厄介者と呼ばれ捨てられていたものを食材として活用し海の環境をよくする取り組みが続いています。有明海の二枚貝を食べ、ノリの色落ちの原因として嫌われるエイの仲間アカエイを「食材」として活用しようと鹿島市に関係者が集まり試食会が開かれました。

ひらひらと優雅に泳ぐ姿…アカエイです。
日本全国に生息し、有明海では体長80センチほどのものがみられるといいます。
有明海ではプランクトンを食べ水をきれいにするアサリなどの二枚貝を食い荒らすため、ノリの色落ちの原因となっていて、漁業者からは「厄介者」と呼ばれています。

【試食会用アカエイを漁獲 森田政則さん】
「網の中に50匹近く入っていました。大きいやつは20キロ近くあったので、すごい量でわれわれもびっくりした次第です」

沖合に生息するアカエイですが、5年ほど前から二枚貝を求め干潟などの浅瀬にも多く現れるように…関係者によりますと、1日に体重の3割ほどの貝を食べるといいます。
アカエイの食害が有明海のアサリの漁獲量が、年間約270トンと40年前の0.3%以下になった一つの原因とも言われています。

【リポート・堀竜泰】
「これがアサリなどの二枚貝を食べ、有明海で厄介者と呼ばれるアカエイです。大きさは座布団くらいありますね」

実はこの厄介者のアカエイ。
東南アジアでは一般的な食材として使われているほか、エイの仲間にはフランス料理のムニエルとなるものも。
厄介者を食材として利用することで、二枚貝の保全と一石二鳥に。
アカエイのおいしさを知り、「食材」として活用しようと、26日県有明海漁協が試食会を開きました。


独特のアンモニア臭がするため漁業者から捨てられるエイ。
実はビタミンやコラーゲンが豊富で、すぐに血抜きをし氷を混ぜた海水でしめることで、身や内臓、軟骨まで1匹丸々食べられます。

【丸魚水産 牧田稔部長】
「サメとエイは似たような感じなんですけど、魚の中でも害魚。

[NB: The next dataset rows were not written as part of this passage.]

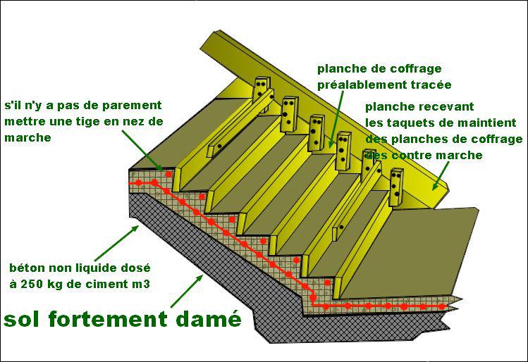 * Vous procéderez (comme il est dit plus haut) au remplissage du coffrage en commençant par la première marche et continuez les autres en tassant le béton.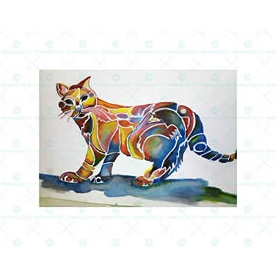 Wee Blue Coo Painting Impression Animal Cat Colourful Wall Art Print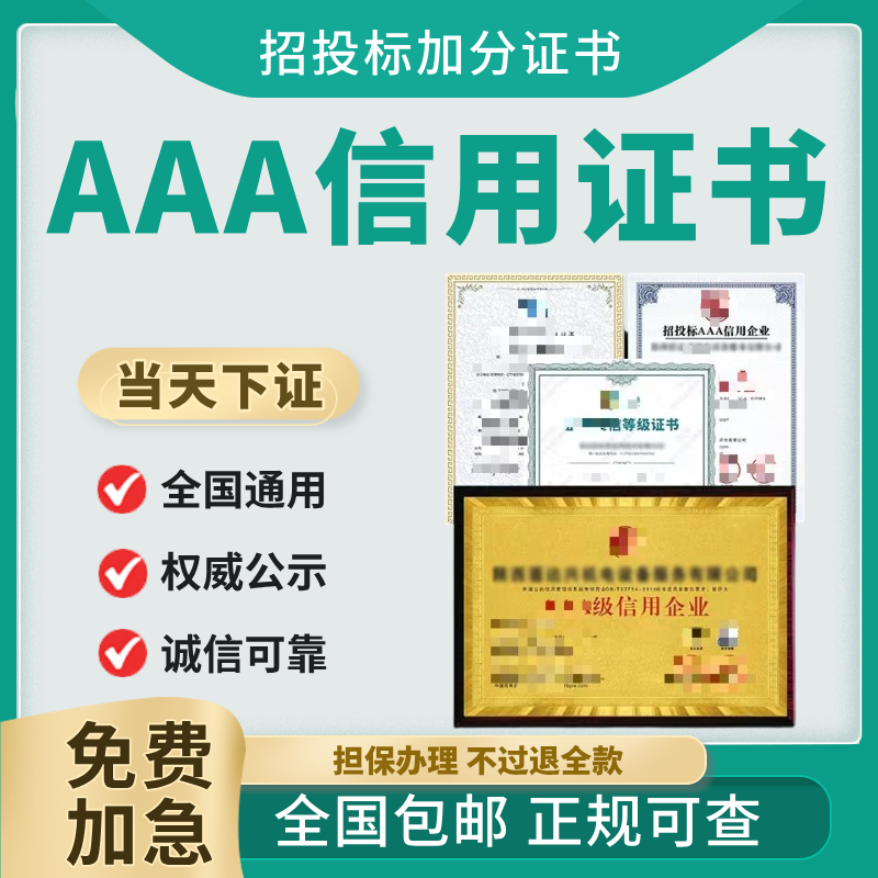 代办aaa信用等级证书招投标加分体系企业管理荣誉资质证书3a认证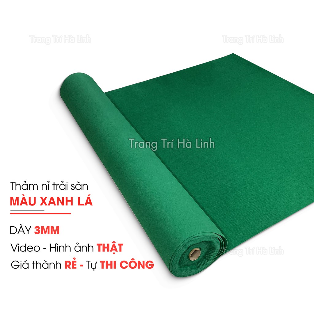 Giới thiệu Thảm nỉ trải lót sàn nhà màu xanh lá cho văn phòng sự kiện giá rẻ dày 3mm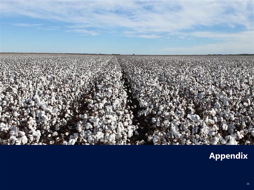 Diversified Business Mix with Attractive Cash Flow Net Revenue by Business Line Net Revenue by Land Aggregation ($mm USD) ($mm USD) $56 $56 Coonamble net revenue is 2 $50 $50 3 ~$0mm due to difficult year 2 for cattle and winter crops 3 13 18 7 12 $32 $32 13 16 4 1 9 17 6 16 27 2 25 24 22 18 12 2021A 2022A 2023A 2021A 2022A 2023A 1 Grain, Cotton & Rice Livestock excl. Feedlot Feedlot Other Deniliquin Coonamble Hay Melbourne Admin. Office Internal Sales Pre-G&A Operating Profit by Business Line Commentary ($mm USD) ▪ 2023 represented an isolated down year associated with $27 $26 ‒ Flooding in late 2022 impacted summer crops and 3 3 2 2 livestock 8 ‒ Colder than average summer 13 ‒ Dry winter in 2023, particularly in Coonamble aggregation 13 $1 9 ‒ Livestock prices down (3) 2021A 2022A 2023A Grain, Cotton & Rice Livestock excl. Feedlot Feedlot Other Source: AFA Audited Financials, AFA Management Accounts. Note: All figures in USD. Assumes exchange rate of 0.651. All net revenue figures exclude internal sales. Pre-G&A operating profit figures exclude repairs and maintenance costs, labor costs, and overhead costs which are not allocable to any specific business line. 33 1. Reflects income from dividends, interest income, royalties, and other sundry income related to administrative office in Melbourne.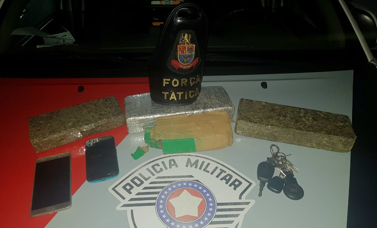 Dentro de uma bolsa que estava no carro, a Força Tática apreendeu quatro tijolos de maconha que totalizaram 3,1 quilos. Tanto Jhones, como a mulher que estava com ele no carro, negaram a propriedade do entorpecente.
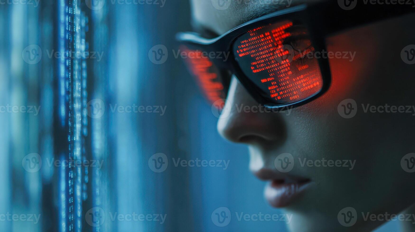 Focused person wearing reflective sunglasses with red coding reflected on lenses analyzing digital data streams on blue background in cybersecurity context Pro Photo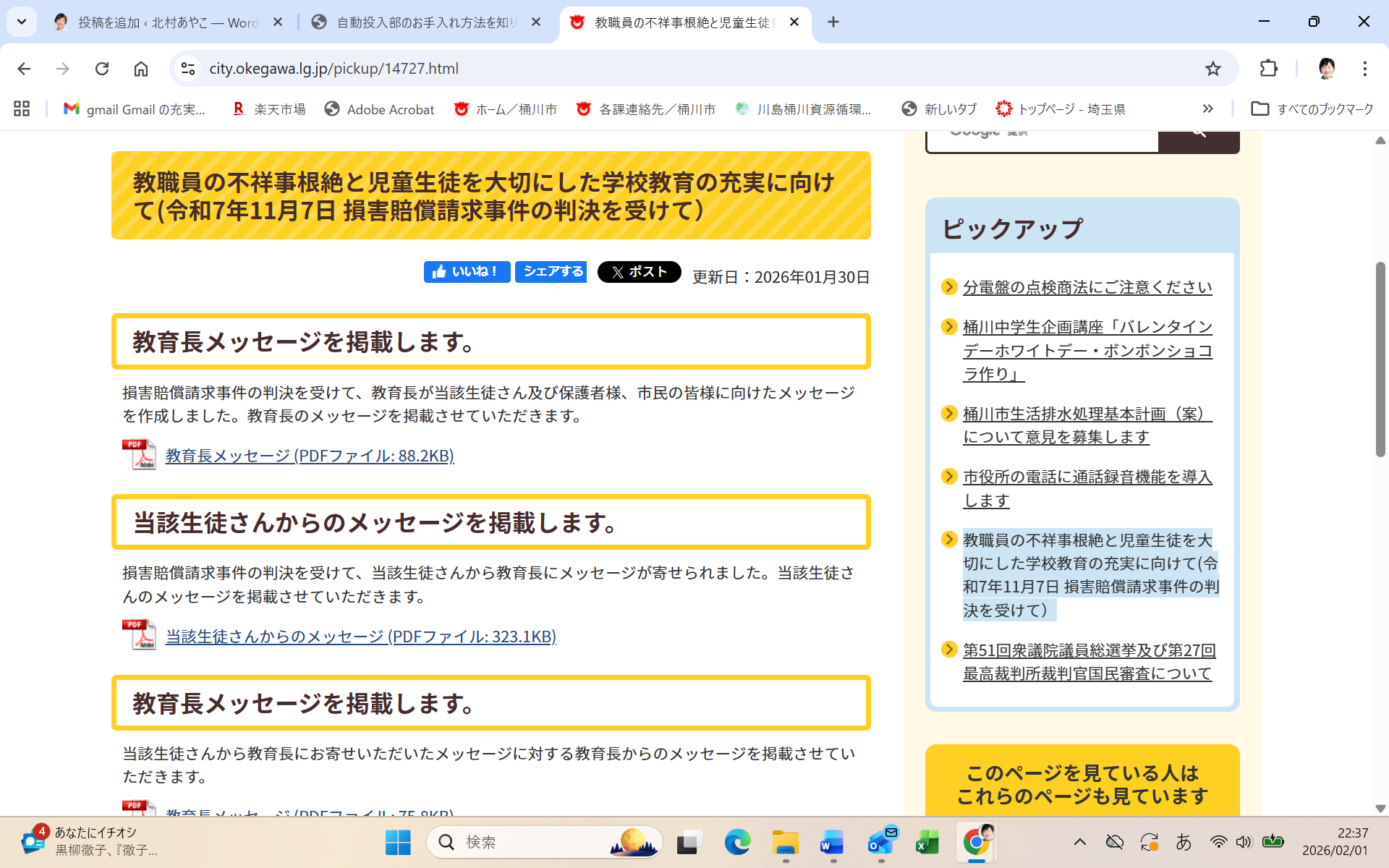 教職員の不祥事根絶と児童生徒を大切にした学校教育の充実に向けて(令和7年11月7日 損害賠償請求事件の判決... 損害賠償請求事件の判決を受けて、教育長が当該生徒さん及び保護者様、市民の皆様に向けたメッセージを作成しました。教育長のメッセージを掲載させていただきます。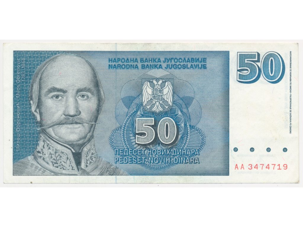 Jugoslávie, 50 Dinara, 1996, oběhový stav...viz autentické foto

駆除だけではなくおいしく食べてもらうことにクローズアップしてやっています」

試食会は関西の水産業者など6社が協力。
メニューは唐揚げやムニエル、煮つけや肝のなめろう軍艦など9種類です。

【丸魚水産 牧田稔部長】
「海のフォアグラと呼ばれる肝の軍艦をいただきます。あっさりしています、全然臭みないです」

試食会に訪れた人の反応は…
Q.どれが一番おいしかった?
【漁業者】
「なめろう」
「なめろうと唐揚げはピカイチ」

Q.普段エイが獲れたら捨てる?
【漁業者】
「捨てますね網とかやぶっちゃったりするので」

Q.今後エイの見方変わる?
【漁業者】
「変わりますね。もう食材の目になりますもんね」

Q.スーパーに並んでたら買う?
【関係者】
「この味だったら買いますね。おいしいので有効活用もなにもなんで食卓にあがってこなかったかが疑問なところ」

アカエイの意外なおいしさに大人から子供まで笑顔があふれ、山盛りにのせられたエイ料理が次々と消えていきました。

【県有明海漁協鹿島市支所 中島龍運営委員長】
「食べ方次第でこれだけおいしいとみなさんにわかってもらい、たくさんエイを食べてもらい、漁師の収入源になったらいいと思います」

二枚貝の復活。ノリの品質改善。そして漁業者の収入源。
厄介者「アカエイ」の今後の活用が期待されます。